Opinion
Case No. 1:07-cv-01498-LJO-DLB PC
08-20-2012
SANFORD D. JONES, Plaintiff, v. DEE SHAFER, et al., Defendants.
FINDINGS AND RECOMMENDATIONS
RECOMMENDING DISMISSAL OF
ACTION FOR FAILURE TO STATE A CLAIM
(ECF No. 8)
OBJECTIONS, IF ANY, DUE WITHIN
FOURTEEN DAYS
I. Background
Plaintiff Sanford D. Jones ("Plaintiff") is proceeding pro se in this civil action pursuant to 42 U.S.C. § 1983. Plaintiff was formerly detained and in the custody of the California Department of Mental Health pursuant to California's Sexually Violent Predator Act ("SVPA"). Plaintiff initiated this action on October 15, 2007. Plaintiff had not yet been civilly committed at the time of the filing of this action. On February 10, 2010, the Court stayed this action as to Plaintiff's claims for monetary relief, pending the outcome of Plaintiff's state civil commitment proceedings. On July 2, 2012, Plaintiff filed notice with the Court that the state civil commitment proceedings in this action had concluded, and Plaintiff had been released from custody. Pending before the Court is Plaintiff's first amended complaint, filed December 9, 2008. ECF No. 8.

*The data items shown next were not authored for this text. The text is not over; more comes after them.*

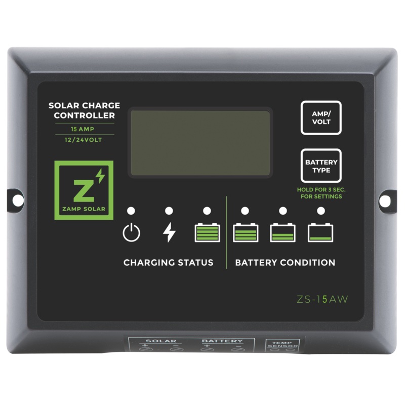 The Zamp Solar15-amp charge controller can regulate up to 250 watts and is compatiblewith Lithium, Gel, AGM, Conventional lead-acid (wet) batteries, and LTO 12-volt batteries.
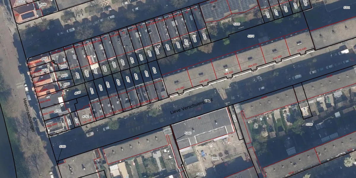 Lieve Verschuierstraat 49-C is gelegen op kadastraal perceel DHV00C5174. Deze kadastrale aanduiding is uniek en wordt gebruikt door het Kadaster om eigendomsrechten en andere zakelijke rechten vast te leggen. Het perceel maakt onderdeel uit van de kadastrale gemeente Delfshaven.
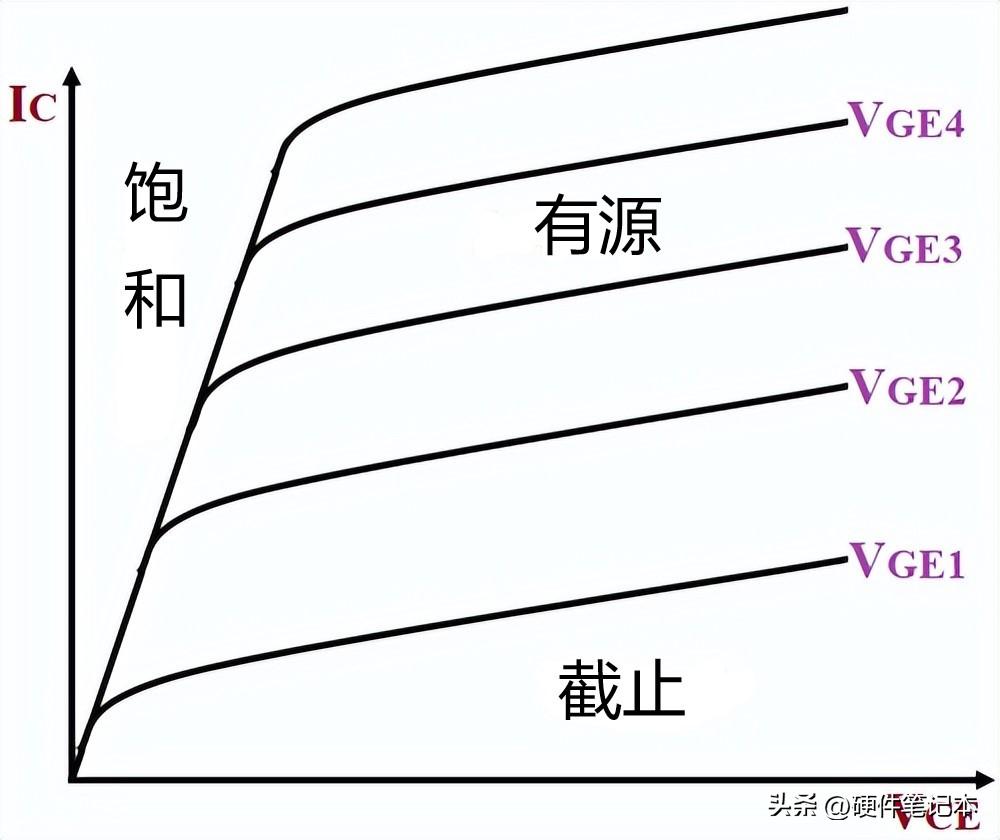 第三阶段:当 VGE增加到超过阈值电压时,IGBT 进入有源区,电流开始流过 IGBT 。如上图所示,电流将随着电压 VGE的增加而增加。
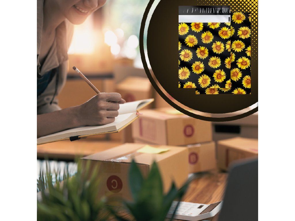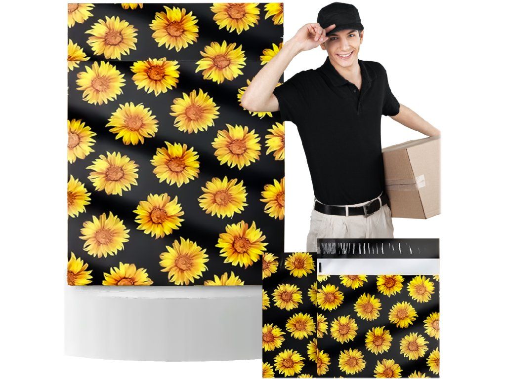 KURÝRNÍ FOLIOVÁ OBÁLKA ČERNÁ S VZOREM SLUNEČNIC 255 x 370 mm 50 ks

Notwithstanding any filing fee, or any portion thereof, that may have been paid, the Court shall dismiss the case at any time if the court determines that . . . the action or appeal . . . fails to state a claim upon which relief may be granted." 28 U.S.C. § 1915(e)(2)(B)(ii).
A complaint must contain "a short and plain statement of the claim showing that the pleader is entitled to relief . . . ." Fed. R. Civ. P. 8(a)(2). Detailed factual allegations are not required, but "[t]hreadbare recitals of the elements of a cause of action, supported by mere conclusory statements, do not suffice." Ashcroft v. Iqbal, 556 U.S. 662, 678 (2009) (citing Bell Atl. Corp. v. Twombly, 550 U.S. 544, 555 (2007)). Plaintiff must set forth "sufficient factual matter, accepted as true, to 'state a claim to relief that is plausible on its face.'" Id. (quoting Twombly, 550 U.S. at 570). While factual allegations are accepted as true, legal conclusions are not. Id.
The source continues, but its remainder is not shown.